Goal of the exercise =>
The required output is the lines from the one with "O Réveillon dos" through the end of the data, repeated verbatim, with no pictures included.

Dataset extract =>
────

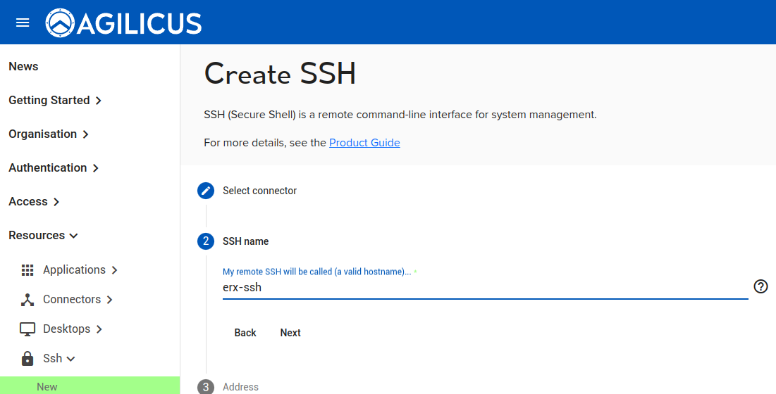 2. Create a name for the SSH resource. This will appear as a valid hostname and must be unique within your sub-domain. Feel free to use a pattern, e.g. ‘site-host-ssh’.
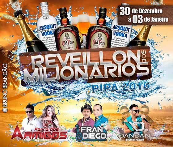 O Réveillon dos Milionários acontece na badalada Praia de Pipa, no Rio Grande do Norte, e é considerada uma das melhores opções de festas da região. A proposta do evento é que o público divirta-se de modo estendido e não somente durante a virada do ano, assim a festa acontece durante 05 dias seguidos.
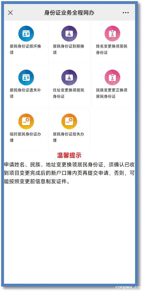 为方便湘籍居民办理身份证业务,湖南公安机关在身份证网上补领、临时身份证网上申领、身份证网上挂失的基础上,从2024年8月26日起,新推出有效期满换领身份证、姓名变更换领身份证、住址变更换领身份证、民族变更更正换领身份证、损坏换领身份证五项全流程网上办理服务。
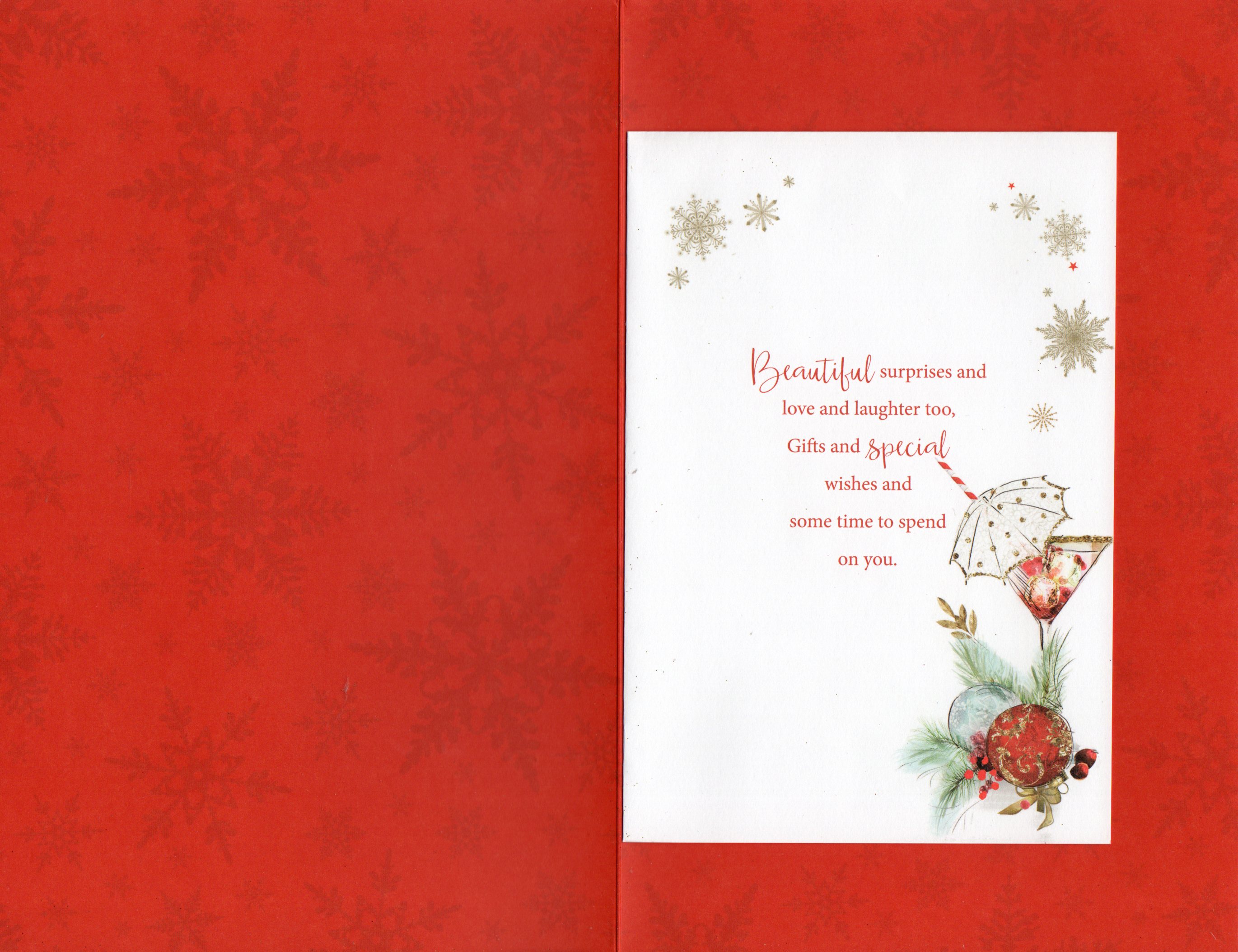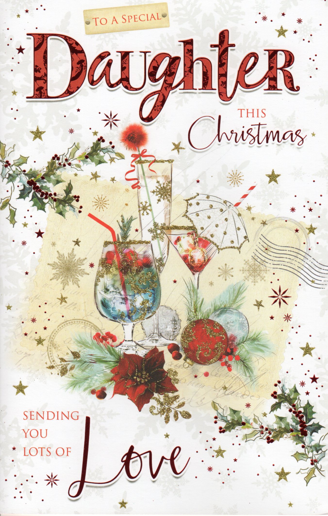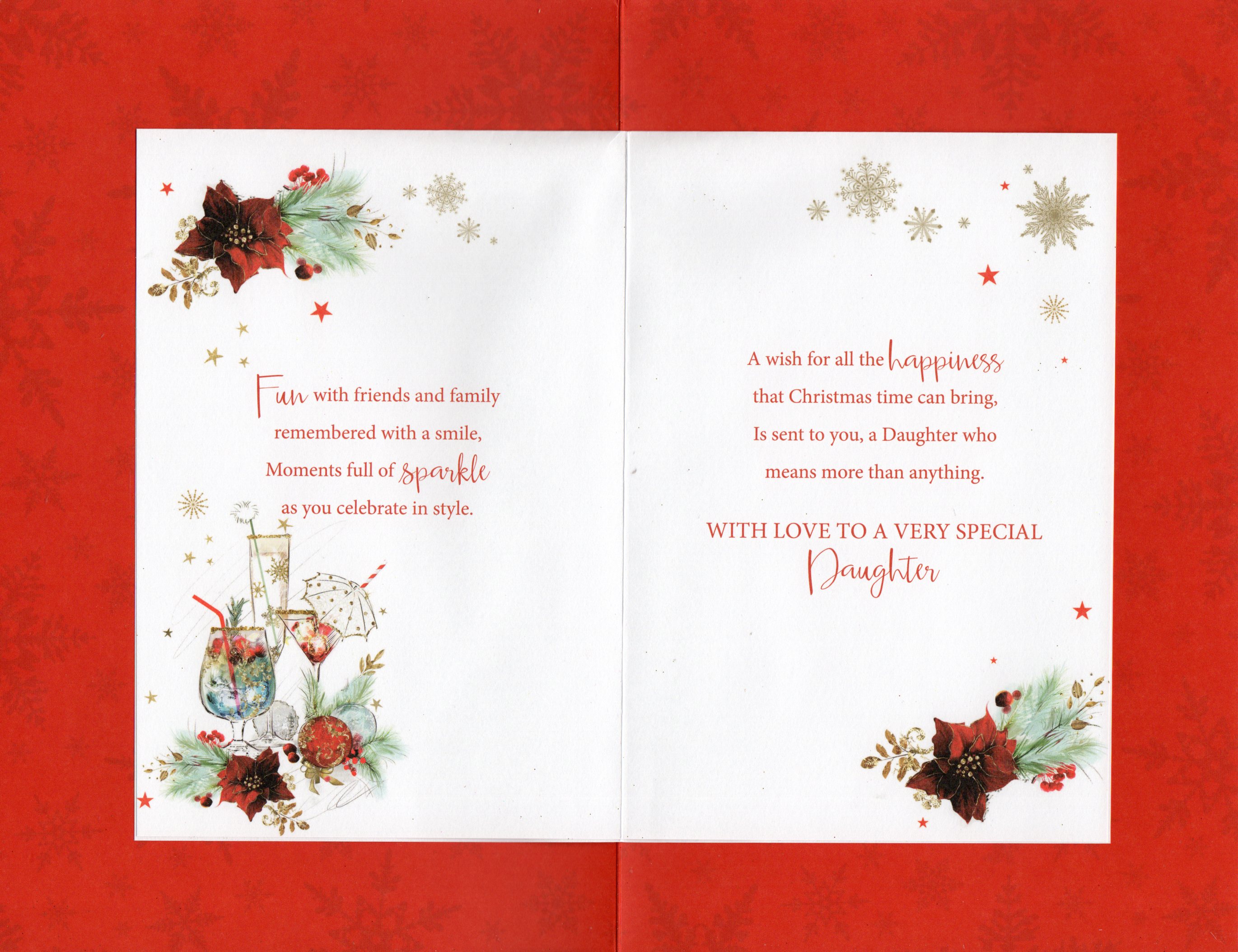 Inside reads: page l Beautiful surprise and love and laughter too, Gifts and Special wishes and some time to spend on you. page ll Fun with friends and family remembered with a smile, Moments full of sparkle as you celebrate in style. page lll A wish for all the happiness that Christmas time can bring, Is sent to you, a Daughter who means more than anything. WITH LOVE TO A VERY SPECIAL DAUGHTER

────

Task solution =>
 O Réveillon dos Milionários acontece na badalada Praia de Pipa, no Rio Grande do Norte, e é considerada uma das melhores opções de festas da região. A proposta do evento é que o público divirta-se de modo estendido e não somente durante a virada do ano, assim a festa acontece durante 05 dias seguidos.
 为方便湘籍居民办理身份证业务,湖南公安机关在身份证网上补领、临时身份证网上申领、身份证网上挂失的基础上,从2024年8月26日起,新推出有效期满换领身份证、姓名变更换领身份证、住址变更换领身份证、民族变更更正换领身份证、损坏换领身份证五项全流程网上办理服务。
 Inside reads: page l Beautiful surprise and love and laughter too, Gifts and Special wishes and some time to spend on you. page ll Fun with friends and family remembered with a smile, Moments full of sparkle as you celebrate in style. page lll A wish for all the happiness that Christmas time can bring, Is sent to you, a Daughter who means more than anything. WITH LOVE TO A VERY SPECIAL DAUGHTER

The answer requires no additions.